Chalmers Johnson’s Dismantling the Empire

[bk. Rev. writ. 11/25/12] © ’12 Mumia Abu-Jamal

 If Chalmers Johnson, president of the Japan Policy Research Institute, had done nothing else, his trilogy, beginning with his best- selling Blowback, The Sorrows of Empire, and Nemesis, would’ve cemented his reputation as an incisive and outstanding critic of American Empire, and one who longed for the return of the U.S. Republic.

 His last work, Dismantling the Empire, (Metropolitan Bks: 2010), is a worthy successor to his previous works, and reflects his hope, fading though it may be, that the U.S., like Britain, may yet turn from its Imperial addiction, and become, again, a democracy.

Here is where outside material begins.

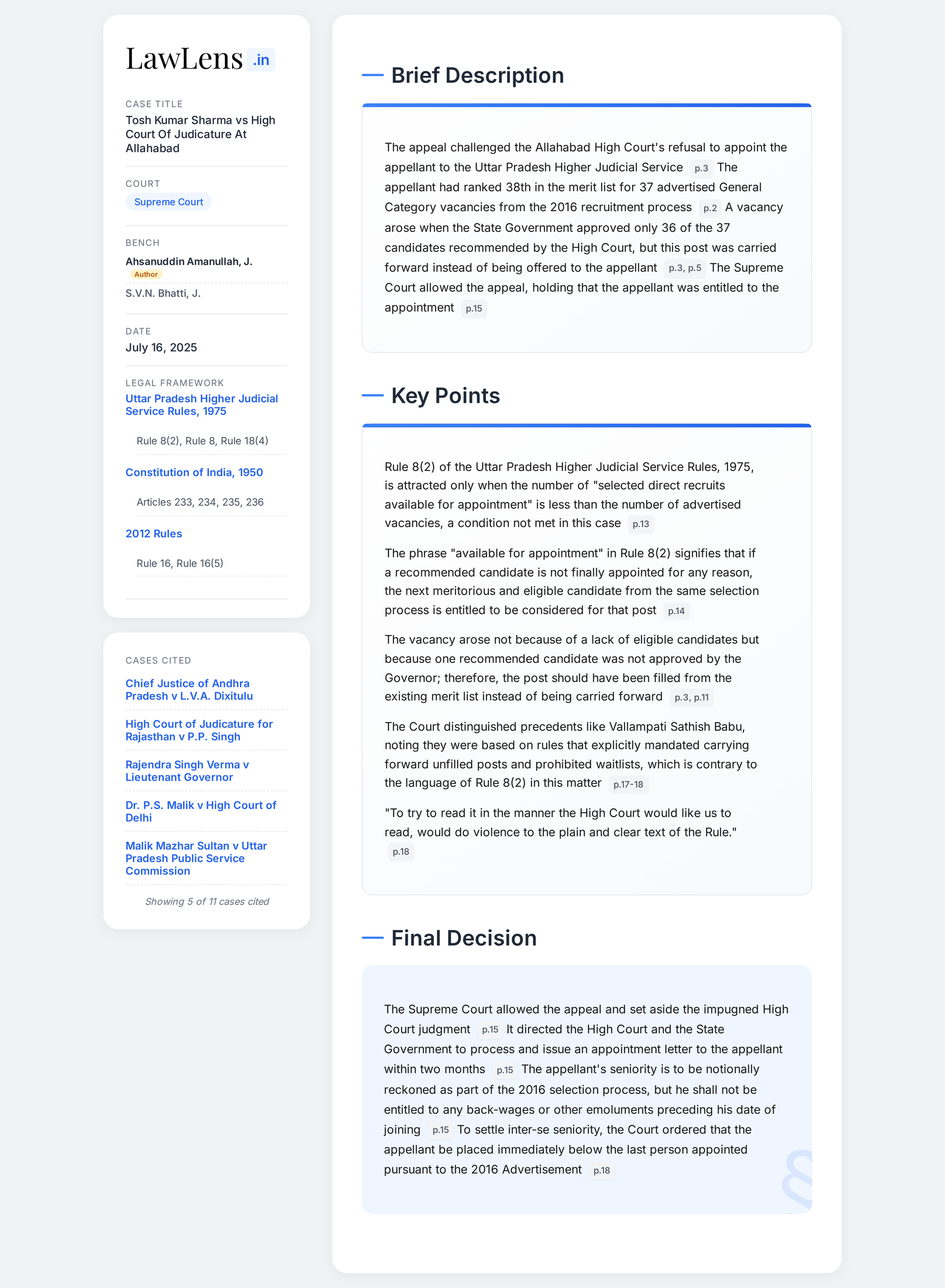 - Case Name: Tosh Kumar Sharma v. High Court of Judicature at Allahabad & Ors.

 To quote Johnson, “A country can be democratic or it can be Imperialistic, but it cannot be both.”

 Johnson was a Navy veteran and a former CIA advisor, but he was also a student of Japan, and more importantly, Japanese language, history and its Empire.

 He learned the parameters of Empire, and when he (years later, a Japanese scholar), examined American foreign policy, he recognized an eerie resemblance.

 He recognized Empire.

 Dismantling the Empire is his jeremiad; a work of prophecy from an elder who does not want his nation to perish from the Earth.

 Chalmers Johnson is no longer with us, but thankfully, his work is.